Times Staff WriterLimits on dock permits are dropped, but a new report says the species' future is bleak.
Last fall, new federal rules designed to protect manatees drew howls of opposition from Southwest Florida boaters, dock builders, developers, state legislators and Gov. Jeb Bush.
On Monday, the U.S. Fish and Wildlife Service dropped the proposed regulations, which would have offered heightened scrutiny of all dock permits from Pasco County down to the state's southern tip, while allowing the rest of the state greater leeway in waterfront permitting.
Bush, who warned the rules could devastate Southwest Florida's booming economy, hailed the decision to drop them.
"Today's decision confirms Florida's approach to protecting manatees works," the governor said in a written statement. "It also keeps manatee protection in the hands of state and local regulators who must balance the preservation of Florida's environment with economic prosperity."
The permit crackdown would have affected not only the Tampa Bay area but also some of the state's fastest-growing waterfront communities, including Naples and Bonita Springs, as well as the state's leader in boat-related manatee deaths, the Caloosahatchee River in Lee County.
Federal officials had estimated that the new rules would have meant that about 37 percent of permits from this part of Florida would be turned down, depressing property values, limiting boater access to the water and eliminating more than 200 jobs over the next five years. The annual economic impact was estimated at up to $43-million.
But economics did not play as big a role in Monday's decision as a new scientific report, wildlife officials said Monday.

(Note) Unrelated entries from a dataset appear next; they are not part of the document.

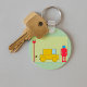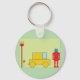 Ein Retro-Roboter, der neben einem Gelbwagen stehend ist. Dieses Design sieht auf diesem Schlüsselanhänger wirklich effektiv aus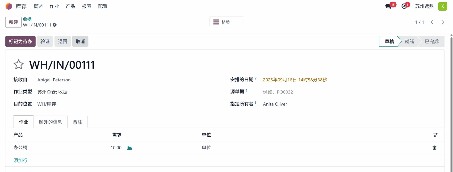 如上图所示,从供应商 Abigail Peterson 收到的产品,分配的所有者是 Anita Oliver。在“操作”选项卡中选择了 10 个数量的 办公椅。点击“标记为待办”按钮。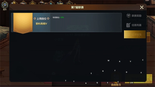 右上角显示的是当前的联赛段位,竞技场段位分为青铜、白银、黄金、铂金、钻石、王者六个等级。根据您上周结算时的段位,系统会为您提供一定的属性加成。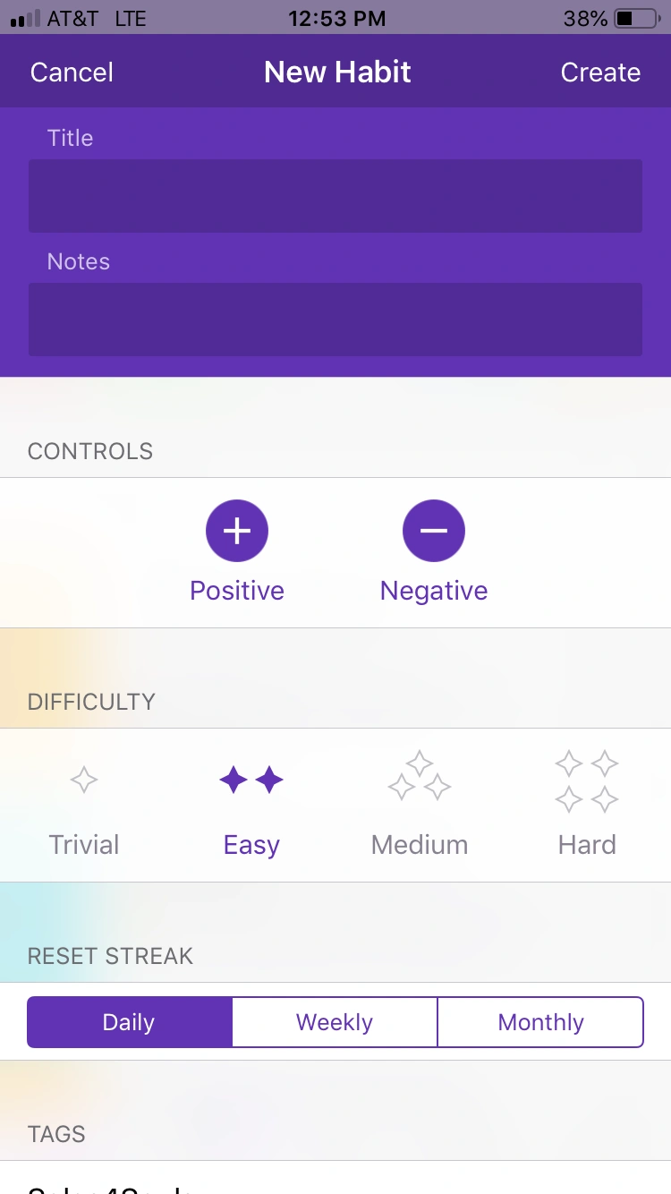 - For Habits、 you can set whether the habit has positive or negative actions or both、 and the frequency at which the streak counter resets.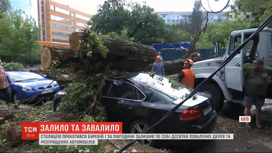 У Києві пройшла сильна злива, яка затопила шляхи і повалила дерева. Машини буквально плавали проспектами, а деякі - просто глухнули в глибоких калюжах. А от у самісінькому центрі, поблизу Офісу президента, розчахнулося дерево і впало на два автомобілі.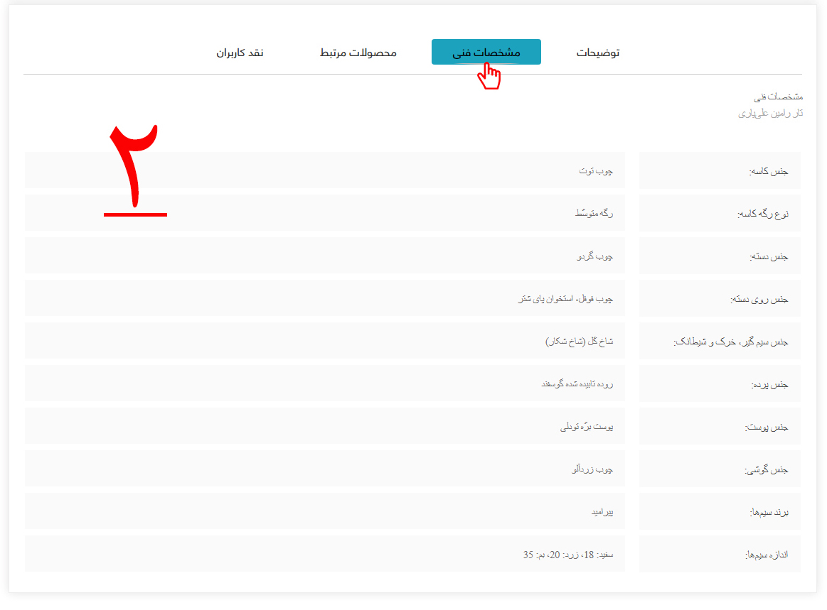 2-جهت اطّلاع از خصوصیات، مواد اوّلیه و سایر جزئیات محصول، همانطور که در تصویر شماره دو مشخّص شده است، بر روی گزینه "مشخّصات فنی" کلیک کرده و از تمامی جزئیات فنّی محصول مطّلع شوید.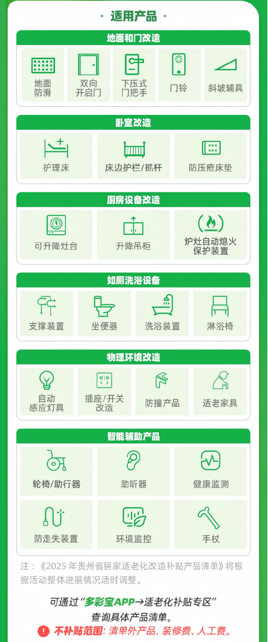 补贴专款专用,适用于提升老年人居家安全与生活便利的产品,主要包括以下六大场景(具体产品以“多彩宝”APP内《补贴产品清单》为准):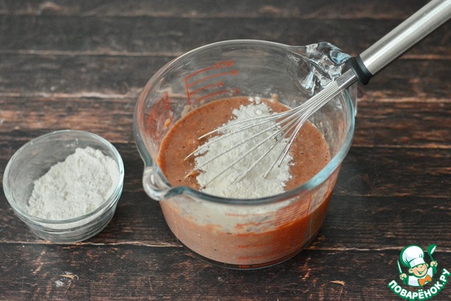 Постепенно введите муку, размешивая венчиком, чтобы не было комочков.

The report, based on extensive computer modeling, suggests manatees face a bleak future if the boating-related deaths are not brought under control. Boats killed 95 manatees last year, a record.
The proposed rules depended on the manatee population in most of the state being healthy enough to stand the loss of a few to speeding boats. But the scientific study said that along the state's Atlantic coast and in Southwest Florida, the situation appears "dire," with no chance of the species recovering from its endangered status within 100 years.
Now, federal wildlife officials will continue to consider each permit application.
Applications in some parts of the state, including the Tampa Bay area, will still receive closer scrutiny because they are considered "areas of inadequate protection" because of problems with enforcing boating speed zones and development rules. Federal officials said they will work with state and local officials to cut back on manatee deaths in those regions and thus ease any permitting restrictions there sometime in the future.
The rules that were withdrawn Monday were one result of a lawsuit filed against the U.S. Fish and Wildlife Service and the U.S. Army Corps of Engineers in 2000 by a coalition of 18 environmental groups led by the Save the Manatee Club. The suit accused the two federal agencies of being too lax in overseeing waterfront development throughout Florida, allowing the destruction of manatee habitat and putting too many boats into the state's waterways.
The settlement of that suit called for the federal wildlife agency to study whether it could put together new rules on permitting under the Marine Mammal Protection Act, which would set a limit for how many manatees could be subject to "incidental take" - killed without harming the species.
But environmental advocates sharply criticized the rules that were proposed. They were not sorry to see them withdrawn, either.
Based on the scientific report, "they could come to no other conclusion," said Patti Thompson of the Save the Manatee Club. "The population is in such bad shape that allowing any incidental take would preclude recovery."